Também na Europa, o desenvolvimento de redes clandestinas de facilitação à migração (via travessia ilegal de fronteiras ou, mais importante no caso em foco, falsificação de documentos) vem contando cada vez mais com a presença de brasileiros no noticiário sobre elas. No caso europeu, as referências à prostituição e à exploração de imigrantes (destaque para mulheres) apareceram com freqüência crescente ao longo do período.
As remessas de brasileiros no exterior e suas repercussões nas áreas que as receberam foram outro tema em que se verificou crescimento, mesmo sem alcançar o grande número de referências verificadas nos demais temas já mencionados. As informações sobre um montante superior a cinco bilhões de dólares que teriam sido remetidos ao país por emigrantes no exterior atraíram a atenção da imprensa e mereceram destaque no noticiário.

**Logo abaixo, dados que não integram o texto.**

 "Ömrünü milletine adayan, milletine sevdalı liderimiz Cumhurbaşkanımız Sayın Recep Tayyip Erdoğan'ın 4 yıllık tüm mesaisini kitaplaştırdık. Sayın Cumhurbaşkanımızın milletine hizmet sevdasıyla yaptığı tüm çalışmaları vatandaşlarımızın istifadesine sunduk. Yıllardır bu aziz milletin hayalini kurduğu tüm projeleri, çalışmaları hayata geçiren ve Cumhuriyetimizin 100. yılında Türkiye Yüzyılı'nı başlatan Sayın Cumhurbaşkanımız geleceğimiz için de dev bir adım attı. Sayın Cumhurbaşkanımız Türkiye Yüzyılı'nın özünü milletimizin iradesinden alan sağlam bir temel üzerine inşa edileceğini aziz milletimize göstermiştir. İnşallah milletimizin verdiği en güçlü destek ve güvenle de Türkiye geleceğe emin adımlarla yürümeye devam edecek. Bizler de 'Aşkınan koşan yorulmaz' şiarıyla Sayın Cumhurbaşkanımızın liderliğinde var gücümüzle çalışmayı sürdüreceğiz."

As ênfases e os silêncios do noticiário na abordagem dos emigrantes brasileiros não devem, todavia, ser tomados como indicadores absolutos da intensificação, arrefecimento ou mudança qualitativa dos processos migratórios. Como será destacado mais adiante, o exame do material de imprensa indica claramente como eventos excepcionais e interesses mercadológicos podem também ditar a atenção do noticiário.

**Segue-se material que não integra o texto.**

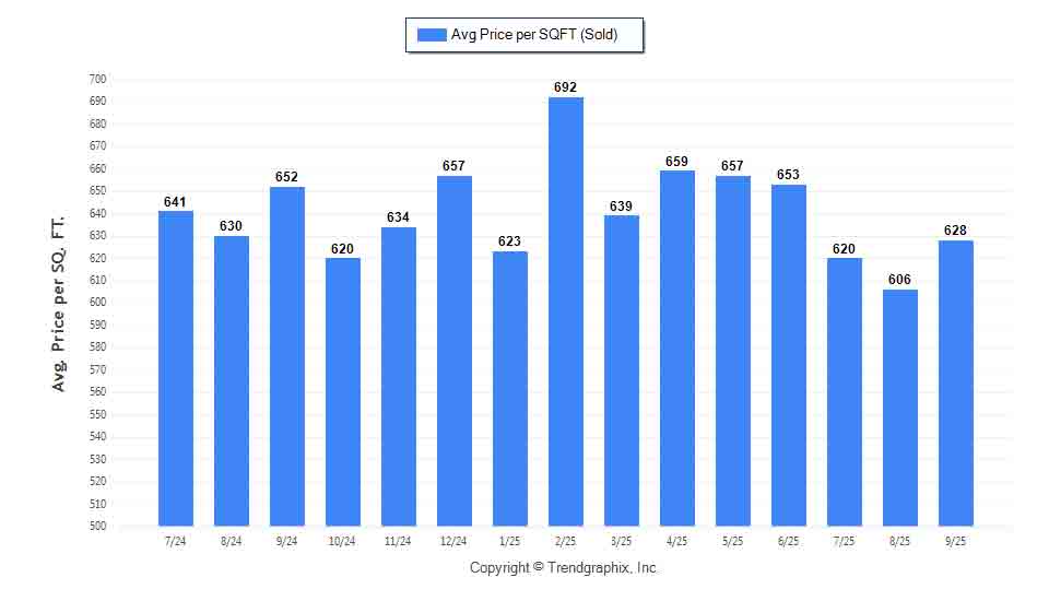 The Average Sold Price per Square Footage is a great indicator for the direction of property values. Since Median Sold Price and Average Sold Price can be impacted by the 'mix' of high or low end properties in the market, the Average Sold Price per Square Footage is a more normalized indicator on the direction of property values. The September 2025 Average Sold Price per Square Footage of $628 was up 3.6% from $606 last month and down 3.7% from $652 in September of last year.

O tema da emigração segundo área geográfica de destino
As áreas que apareceram com destaque no noticiário como lugar de destino de emigrantes brasileiros foram: Estados Unidos, México, Japão, Portugal, Espanha, Itália, França, Irlanda, Reino Unido, Paraguai, Bolívia, fronteira norte (Colômbia, Suriname, Guiana Francesa) e outras com menor número de ocorrências. O material de imprensa examinado foi classificado de acordo com cada uma delas, e a seguir tecemos algumas observações a respeito dos temas abordados.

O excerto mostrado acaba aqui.